今回のブログも前回に引き続き、目標の設定方法についてお話ししたいと思います。
前回はワクワクする目標を設定することが大切とお伝えすると同時に、大きすぎる目標は挫折しやすいからNGと説明しました。
しかし、あまりに小さな目標だと簡単に達成できてしまい、それはそれで仕事へのモチベーションが上がっていかないものです。
高すぎず、低すぎない、達成率50%程度の目標の設定がベストだと私は考えます。
では、そのような目標はどのように見つけたらよいのでしょうか。
今回はビジネスシーンでも役立つ「ストレッチ目標」の設定方法について考えたいと思います。
知っておきたい「達成動機理論」という考え方
達成動機理論という言葉を聞いたことがある人は、おそらくそんなには多くないはずです。知らないあなたのために説明すると、これはアメリカの心理学者、ジョン・アトキンソン教授が提唱した理論のこと。人は「目標を達成したい」という動機を持っている生き物ですが、一方で「失敗したくない」という「失敗回避動機」も持っているとされています。
達成動機と失敗回避動機のバランスは人によって大きく異なりますが、ある程度達成動機が高い人であれば、50%程度の成功が見込まれる目標の設定がベストです。チャレンジのし甲斐もありますし、達成したときには満足感を得られて自信につながっていくでしょう。
反対に失敗回避動機が極端に高かったり低かったりする人には、達成率50%の目標はやや不向きです。努力を要する達成率50%の目標は「努力をしなかったこと」を未達の言い訳にしてしまうからです。そのため、最初は達成率が50%よりも高い目標を設定して成功を積み重ね、自己肯定感を高めていきましょう。そうすることで少しずつ失敗を恐れないメンタルになっていけるはずです。
ストレッチ目標をスタッフと考えてみよう
達成動機理論でお話した通り、目標の設定の仕方は人によって異なるものです。一般的には達成率50%程度の目標が理想的とされていますが、一人一人に合わせた目標の設定がベストと言えます。

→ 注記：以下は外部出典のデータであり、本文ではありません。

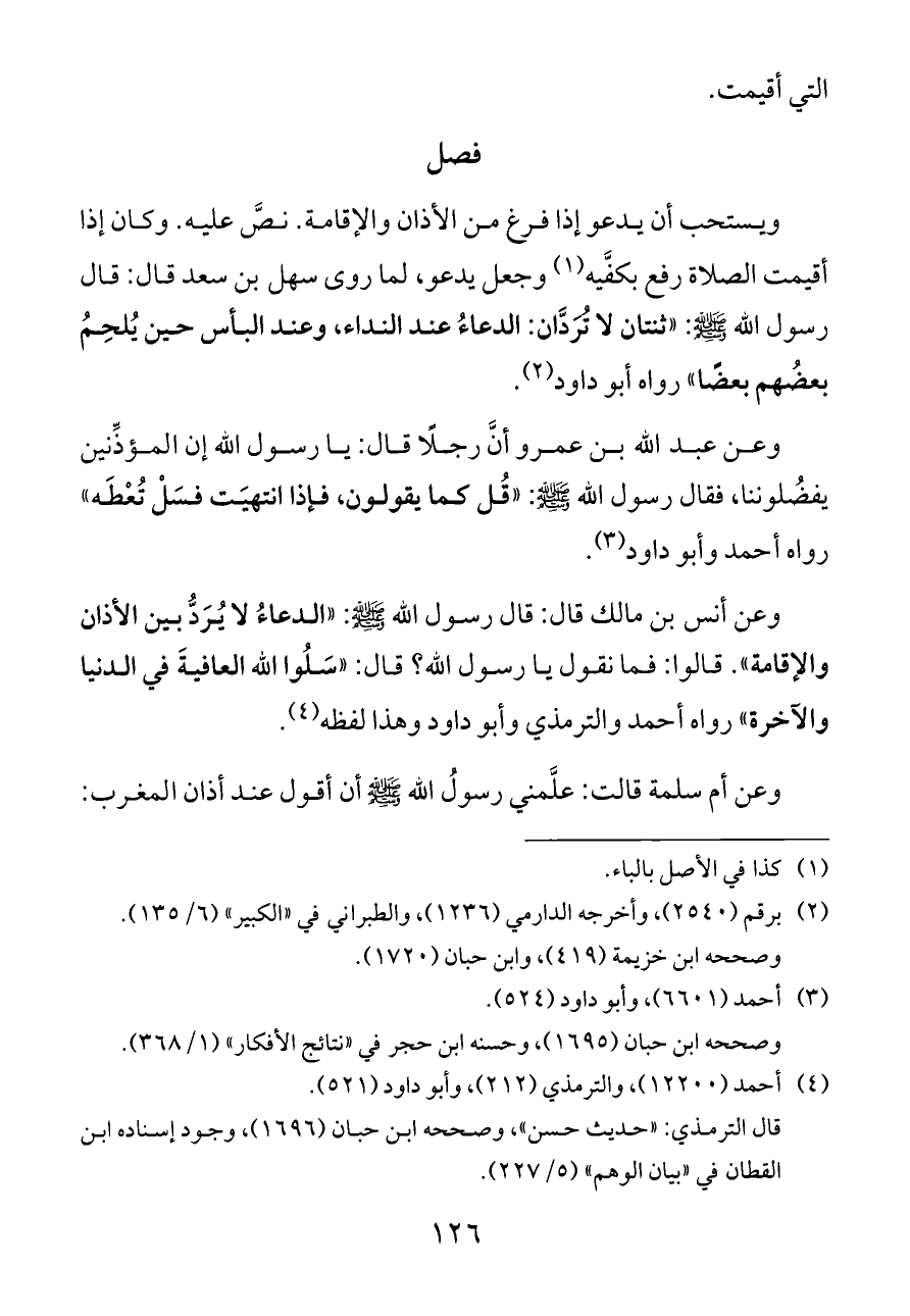 وعن أنس بن مالك قال: قال رسول الله - صلى الله عليه وسلم -: «الدعاءُ لا يُرَدُّ بين الأذان والإقامة». قالوا: فما نقول يا رسول الله؟ قال: «سَلُوا الله العافيةَ في الدنيا والآخرة» رواه أحمد والترمذي وأبو داود وهذا لفظه (¬٤).

ここまで考えたときに取り入れたいのが、ちょっと努力をすれば達成できる「ストレッチ目標」という考え方です。例えば現状月に100人の飼い主さんを診察しているのであれば、次は月130件を目標とするなど、無理のない範囲で設定するのがストレッチ目標の基本です。
ストレッチ目標では、目標設定者が持っているスキルを最大限に引き出し、ステップアップすることを目的としています。目標の達成だけではなく、人材の育成にも効果を期待できますので、自分だけではなく、動物病院のスタッフ全員のスキルアップを目指すときにはぜひ取り入れてみてください。
まずは一人ひとりのスキルを見極める
このストレッチ目標を立てるためには、スタッフ一人ひとりのスキルを明確化し、それにそった目標を設定しなければなりません。高すぎる目標はモチベーションを失わせてしまいますし、すでに達成している目標を設定するのもおかしなものです。
そのため、動物病院でも定期的にスタッフとの1on1ミーティングを行い、都度目標と進捗を確認しましょう。そのスタッフが自分の強み・弱みを理解していないようであれば一緒に洗い出し、お互いが納得できる目標を決めるようにしてください。
フォローを忘れないこと
ミーティングでそのスタッフに合う目標を設定できたとしても、必ず達成するとは限りません。成功確率50%前後の目標を設定しているのであれば、失敗に終わってしまう可能性も十分に考えられます。もしスタッフが壁に突き当たって伸び悩んでいるのであれば、一緒に改善案を考えてあげるようにしてください。成功確率が低めな目標であればあるほど、まわりのサポートは必須です。
HARDゴールを設定する
HARDゴールとは、感情に焦点をあてたゴールの設定方法です。前回のブログでもお話したように、モチベーションが上がる目標を設定することによって、人はより頑張れるようになります。HARDとは以下の頭文字を取ったものです。
H(Heartfelt):心から達成したいと思える目標か
A(Animated):目標達成後に見えるものは何か
R(Required):目標達成に必要な能力やスキルがわかっているか
D(Difficult):設定した目標達成に向けてどのような困難と解決策があるのか理解しているか
この4つを意識したうえで目標を設定すると失敗がないでしょう。スタッフのモチベーションもあがり、経営者のひとりよがりにならない目標を立てられます。
目標の設定方法によって動物病院の経営もスタッフのモチベーションも変わってくるものです。「いつもと同じでいいだろう」と思うことなく、スタッフ全員に最適な目標を与えられるように、経営者であるあなた自身が真剣に考えてみてください。